Analytics¶
A focused set of workflows to extract signal from race data.
1. Segment z-scores¶
Normalize each station split relative to the field to see strengths and weaknesses.
import numpy as np
import pandas as pd
race = client.get_race(season=7, location="london", gender="male")
split_cols = [
"skiErg_time",
"sledPush_time",
"sledPull_time",
"burpeeBroadJump_time",
"rowErg_time",
"farmersCarry_time",
"sandbagLunges_time",
"wallBalls_time",
]
field = race[split_cols].astype(float)
means = field.mean()
stds = field.std(ddof=0).replace(0, np.nan)
z = (field - means) / stds
race_z = pd.concat([race[["name"]], z], axis=1)
2. Rank percentiles by total time¶
race = client.get_race(season=7, location="london")
race = race.sort_values("total_time")
race["percentile"] = race["total_time"].rank(pct=True)
3. Create pace buckets¶
bins = [0, 55, 60, 65, 70, 999]
labels = ["<55", "55-60", "60-65", "65-70", "70+"]
race["pace_bucket"] = pd.cut(race["total_time"], bins=bins, labels=labels)
summary = race.groupby("pace_bucket")["total_time"].agg(["count", "mean"])
4. Build a station share profile¶
Identify which stations dominate a given athlete's time.
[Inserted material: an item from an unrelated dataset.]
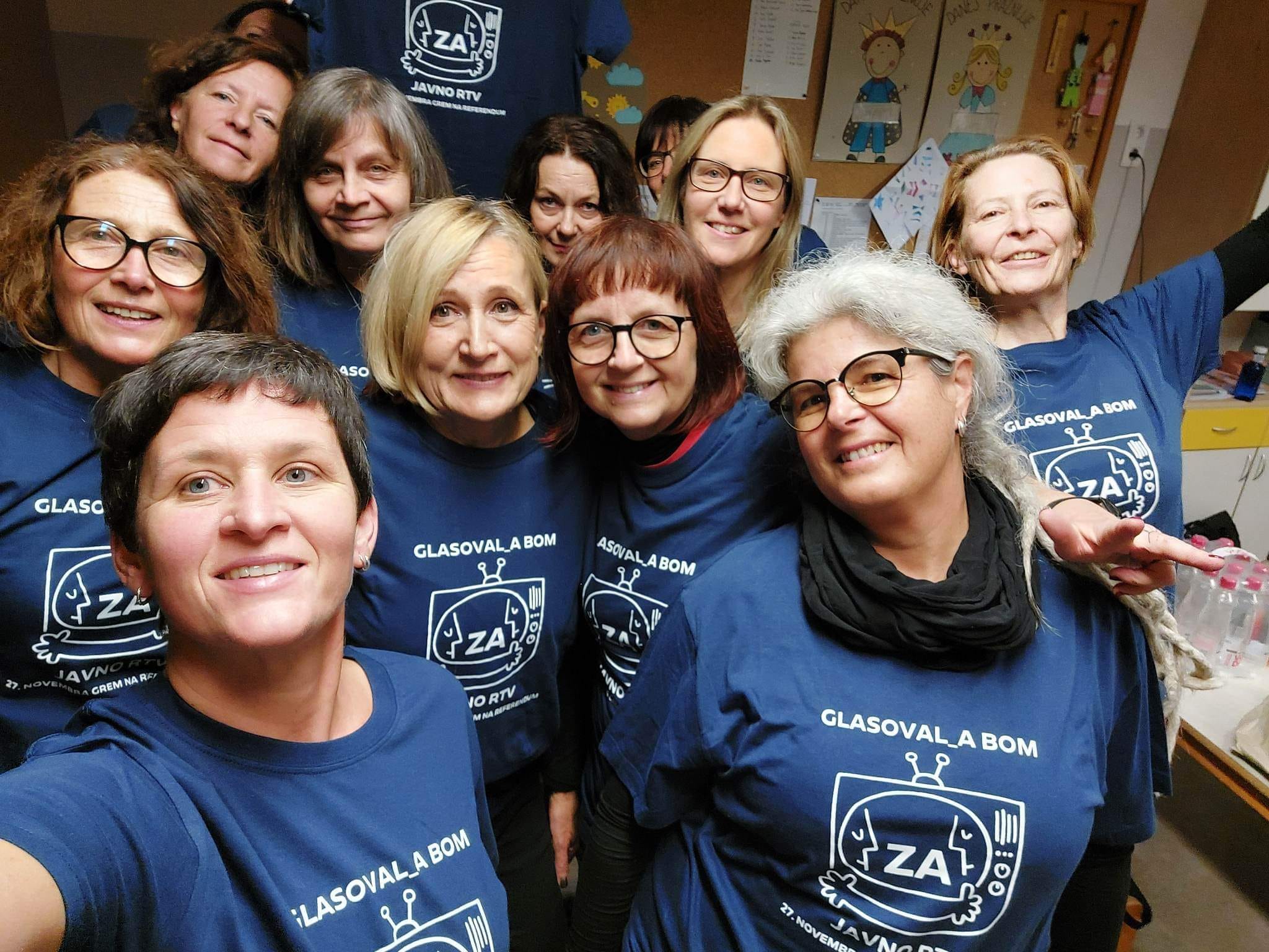 Televizorček sem jaz narisal. Glasovali smo pa vsi. Na fotki je ženski pevski zbor Kombinat.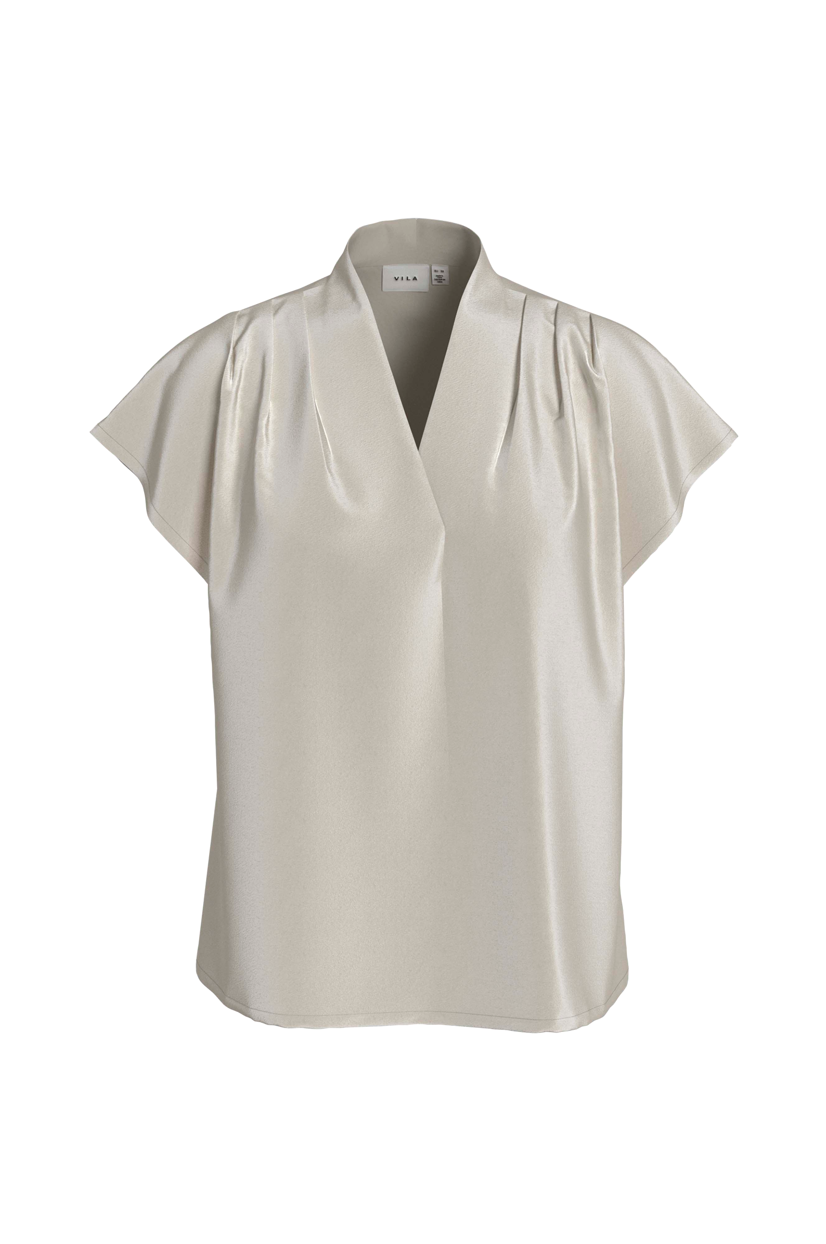 • Lige, uformel model i satin• V-formet halsudskæring• Bokslæg på skuldrene• Kort ærme

athlete = client.get_athlete_in_race(
season=7,
location="london",
athlete_name="surname, name",
)
split_cols = [
"skiErg_time",
"sledPush_time",
"sledPull_time",
"burpeeBroadJump_time",
"rowErg_time",
"farmersCarry_time",
"sandbagLunges_time",
"wallBalls_time",
]
row = athlete.iloc[0]
share = row[split_cols] / row[split_cols].sum()